One issue that arises from this method is that words that are particularly linked to one popular politician may then be confounded as linked to that politician's gender. For example, a prominent Somalian female politician may cause the word 'somalian' to be inappropriately linked to the gender 'female', though both men and women should be equally likely to described as Somalian as it is not an innately gendered word. Therefore, we follow the lead of Damani by calculating PMI from a document count, not total word count. These additions allowed his PMI measure to give closer to human-labelled results on free association and semantic relatedness tasks in nearly all tested large datasets [61] .

The original cPMId looks at significant word co-occurrences using document counts rather than word counts. Documents within a corpus are counted as containing a significant word co-occurrence if the co-occurrence surpasses a threshold of word co-occurrence within a pre-determined word span parameter. The frequency of documents containing the co-occurrence of items x and y are represented as d(x, y) across the number of documents D. However, we are not looking at the co-occurrence of words within a word span, but in the co-occurrence of a word with a gender across a range of entities. Therefore, we view each political entity as a document and count a word's usage across different entities. Usage of this final Equation 3 is expected to minimize the appearance of obviously confounding descriptors in the top female and male word lists. For both cases, to limit PMI's potential to bias towards uncommon words, we only consider words that had a minimum count of 3 for both genders.

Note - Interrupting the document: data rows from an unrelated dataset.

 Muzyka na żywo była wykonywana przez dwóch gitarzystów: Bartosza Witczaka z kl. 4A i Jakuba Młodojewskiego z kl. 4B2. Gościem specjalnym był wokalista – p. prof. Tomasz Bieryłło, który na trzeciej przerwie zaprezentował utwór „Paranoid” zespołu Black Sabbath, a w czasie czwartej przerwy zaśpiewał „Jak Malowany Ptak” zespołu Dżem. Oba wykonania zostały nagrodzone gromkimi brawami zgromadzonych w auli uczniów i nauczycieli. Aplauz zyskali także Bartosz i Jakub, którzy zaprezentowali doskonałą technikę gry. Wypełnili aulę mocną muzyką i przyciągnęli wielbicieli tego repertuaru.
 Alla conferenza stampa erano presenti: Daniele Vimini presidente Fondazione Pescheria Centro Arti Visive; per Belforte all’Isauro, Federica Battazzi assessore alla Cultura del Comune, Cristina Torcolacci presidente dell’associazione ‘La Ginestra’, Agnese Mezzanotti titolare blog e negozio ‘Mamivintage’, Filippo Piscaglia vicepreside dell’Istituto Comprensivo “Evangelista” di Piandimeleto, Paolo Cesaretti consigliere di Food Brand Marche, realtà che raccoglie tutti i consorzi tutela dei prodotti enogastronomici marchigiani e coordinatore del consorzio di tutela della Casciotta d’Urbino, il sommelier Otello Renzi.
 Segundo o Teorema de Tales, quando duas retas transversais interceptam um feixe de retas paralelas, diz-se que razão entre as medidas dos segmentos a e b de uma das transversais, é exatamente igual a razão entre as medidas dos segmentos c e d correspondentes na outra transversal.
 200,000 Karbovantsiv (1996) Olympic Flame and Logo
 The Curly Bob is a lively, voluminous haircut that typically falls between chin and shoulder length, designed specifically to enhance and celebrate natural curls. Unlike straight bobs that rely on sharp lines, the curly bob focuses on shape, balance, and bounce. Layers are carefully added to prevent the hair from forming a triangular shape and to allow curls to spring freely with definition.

Next, we analyse the top 100 gendered attributes for both male and female politicians. Similar studies [33] have mapped pre-made word senses to the obtained words to visualize biases. Given the informal source of the dataset, we do not expect that many of the words extracted to be present in many existing resources.

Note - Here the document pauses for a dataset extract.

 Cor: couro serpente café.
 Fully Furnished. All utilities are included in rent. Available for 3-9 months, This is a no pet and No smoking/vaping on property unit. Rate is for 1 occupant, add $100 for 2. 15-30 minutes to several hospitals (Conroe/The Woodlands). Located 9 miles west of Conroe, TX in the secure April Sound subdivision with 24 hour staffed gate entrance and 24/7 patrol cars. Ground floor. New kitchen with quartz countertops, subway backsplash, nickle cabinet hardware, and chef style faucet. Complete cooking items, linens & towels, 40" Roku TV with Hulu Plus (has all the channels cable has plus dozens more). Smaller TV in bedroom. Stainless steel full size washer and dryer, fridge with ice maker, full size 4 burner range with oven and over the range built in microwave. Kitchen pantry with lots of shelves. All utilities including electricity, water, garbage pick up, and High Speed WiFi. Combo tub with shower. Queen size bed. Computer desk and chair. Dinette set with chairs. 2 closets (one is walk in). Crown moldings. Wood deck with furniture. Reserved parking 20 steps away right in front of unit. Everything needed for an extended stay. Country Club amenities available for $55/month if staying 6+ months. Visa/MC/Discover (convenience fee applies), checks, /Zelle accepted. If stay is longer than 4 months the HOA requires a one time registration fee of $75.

We enlist the help of two volunteer annotators to label the obtained words using pre-defined labels. The volunteers enlisted are young (below 35), trained in the social sciences, and familiar with the platform Reddit. Volunteers are asked to mark each word with a hand-coded sentiment ranking (Negative, Neutral or Positive) and to label each word as belonging to one of the following 8 categories, compounded from findings in prior literature on the subject (our specific motivations for the inclusion of each sense are further outlined below):

• Profession: A term related to someone's profession or work activities (e.g. politician, speaker).

• Belief : A word relating to a politician's political ideals (e.g. republican, antifa)

• Attribute: A word related to a politician's supraphysical attributes (e.g. intelligent, rude)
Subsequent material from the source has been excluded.